2.3. Definition of Sarcopenia

According to the EWGSOP2 criteria [1], older adults with low muscle strength and low muscle mass were defined as having sarcopenia. Muscle strength was defined through the handgrip strength of the dominant hand, using a JAMAR® dynamometer. A maximum of 3 attempts were performed, recording the highest value for our subsequent analyses. The cut-off value for low muscle strength was ≤16 kg for women and ≤27 kg for men. The appendicular skeletal muscle mass (ASM) was determined through the formula ASM kg = 0.215 × calf circumference (cm) + 0.093 × handgrip strength (kg) + 0.061 × weight (kg) + 3.637 × sex + 0.112 × height (cm) − 16.449; where sex: male = 1; female = 0. We defined low muscle mass as men with ≤20 kg and women with ≤15 kg [43].
Physical performance was measured by using walking speed in meters/second (m/s), timed over four linear meters. Each older adult was instructed and assessed on 2 occasions; the best-timed record was used to define poor physical performance. The cutoff value was set at ≤0.8 m/s.

2.4. Statistical Analysis

The Kolmogorov–Smirnov test was performed to assess the distribution of the variables. The calculated values were presented as frequencies and percentages or means and standard deviations (SDs). Student’s t-test and Chi-square were used for the comparison of numerical and categorical variables, respectively. The analysis of association was performed through logistic regression models with response variables: sarcopenia and its components.
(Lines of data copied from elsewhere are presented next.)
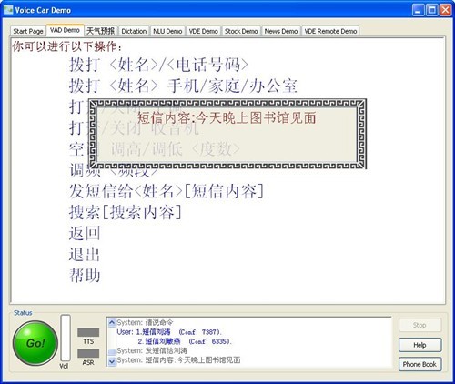 Nuance:可以修改。到你需要修改的那個(gè)“見”上,你再說(shuō)“見”或者見面,它就給你弄過(guò)來(lái)了。但是我們覺(jué)得在中國(guó)區(qū),在中文的修改上,這未必可能是個(gè)好辦法,我們也在試探另外一種辦法,這個(gè)辦法我現(xiàn)在可以給大家介紹一下。就是這樣,我要說(shuō)修改,那么那個(gè)語(yǔ)音合成TS就開始給你再讀,剛才不是讀了一遍嗎,它再給你讀,但是這一次讀,它是一個(gè)詞一個(gè)詞地讀。他說(shuō),今天我不吭聲,晚上,我不吭聲,他說(shuō)七點(diǎn),我也不吭聲,等他說(shuō)“見”的時(shí)候,我說(shuō)“見面”,他知道我說(shuō)的這個(gè)詞要把那個(gè)覆蓋掉,再改,再把它改了。這樣可能更合理一些,就是你手不用去摸什么東西,眼睛看什么東西,完全能保持你在駕駛的時(shí)候,這是我們目前還在進(jìn)行開發(fā)的一個(gè)東西,或許下一次如果我們?cè)儆袡C(jī)會(huì)我們就可以把這個(gè)演示一下。
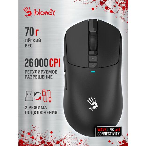 2027328 A4TECH / Мышь A4TECH Bloody R72 Pro Duo, игровая, оптическая, беспроводная, USB, черный
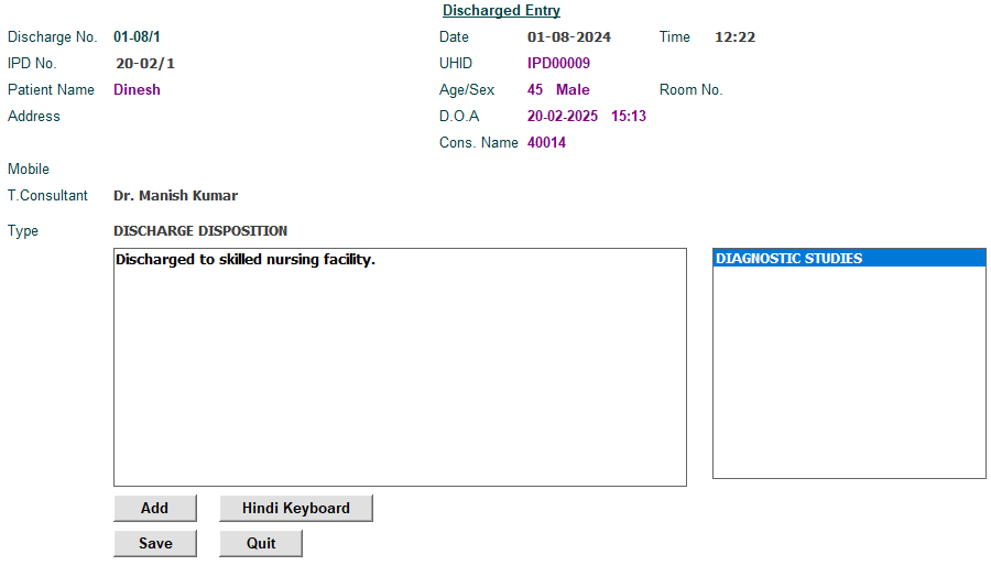- Define discharge type (e.g., Cured, Referred, Deceased)
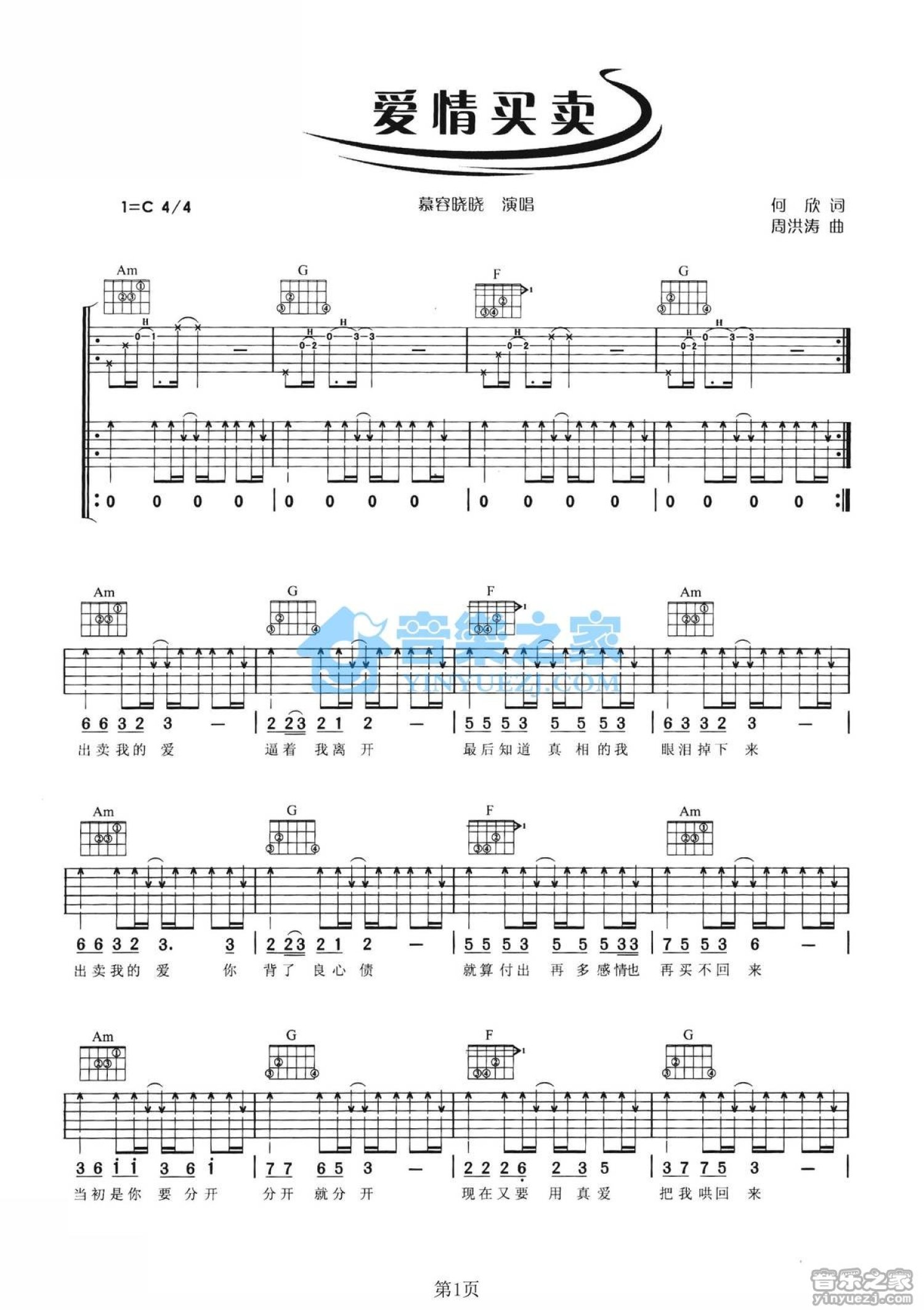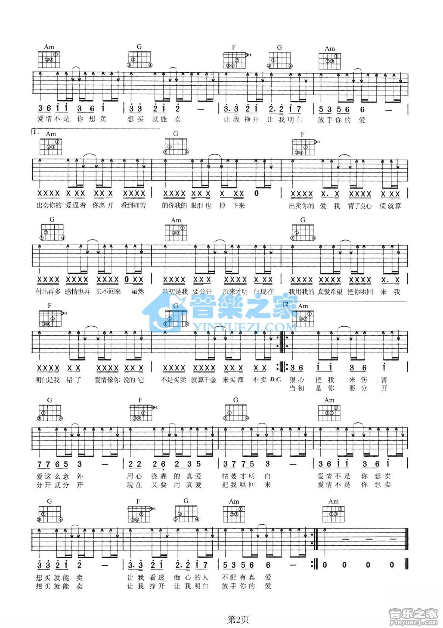 曲谱介绍: C调《爱情买卖》吉他弹唱六线谱

The odds ratios (OR) and 95% confidence intervals (CI) were estimated as a measure of the effect size of the poor glycemic control in the logistic regression. We adjusted the estimates of the OR of poor glycemic control using age, sex, and variables related to T2D. We performed a sensitivity analysis of the estimate of the OR of poor glycemic control adjusting to a different variable related to T2D. The Hosmer–Lemeshow test was used to assess the goodness of fit of the logistic regression models. All statistical analyses were performed by using the IBM SPSS Statistics 29.0.1 software version. Any p-value < 0.05 was considered significant.

3. Results

3.1. Characteristics of the Participants

Figure 1 shows that 443 patients diagnosed with T2D were initially recruited for the study, of whom 87 were eliminated and 356 participants were enrolled.
The general characteristics of the patients according to the diagnosis of sarcopenia are presented in Table 1. The frequency of sarcopenia in our study was 45.5%, of which 97 cases were women (59.9%) and 65 cases were men (40.1%). The overall poor glycemic control in patients was 54.5%.
When comparing the groups with or without sarcopenia, it was observed that patients with the presence of sarcopenia were older (p < 0.001), had poor glycemic control (62.3% vs. 47.9%, p = 0.007), burden of comorbidity (p = 0.014), malnutrition (p < 0.001), and frailty (p < 0.001), as well as a longer duration of T2D (p < 0.001). They also presented a higher frequency of complications associated with T2D in general (81.5% vs. 64.4%, p < 0.001), of which heart disease (26.5% vs. 11.9%, p < 0.001) and nephropathy (21.0% vs. 12.9%, p < 0.001) were the most frequent. Older adults with sarcopenia registered lower physical activity measured through METs (4.2 vs. 5.6, p < 0.001).
Conversely, body composition in sarcopenia patients revealed that BMI (p < 0.001), waist circumference (p < 0.001), hip circumference (p < 0.001), and body fat percentage (p < 0.001) were lower. For sarcopenia-defining components, the means for handgrip strength (13.9 kg vs. 23.4 kg, p < 0.001), appendicular skeletal muscle mass (14.2 kg vs. 16.9 kg, p < 0.001), and gait speed (0.60 m/s vs. 0.82 m/s, p < 0.001) were lower than in those older adults without sarcopenia.
HbA1c levels were higher in patients with sarcopenia (8.2% vs. 7.8%, p = 0.027). However, their albumin, total cholesterol, and triglyceride levels were lower than those without sarcopenia. The use of antidiabetic drugs showed that the frequency of insulin use was higher in patients with sarcopenia (68.5% vs. 44.3%, p < 0.001) and a lower use of sulfonylureas and biguanides.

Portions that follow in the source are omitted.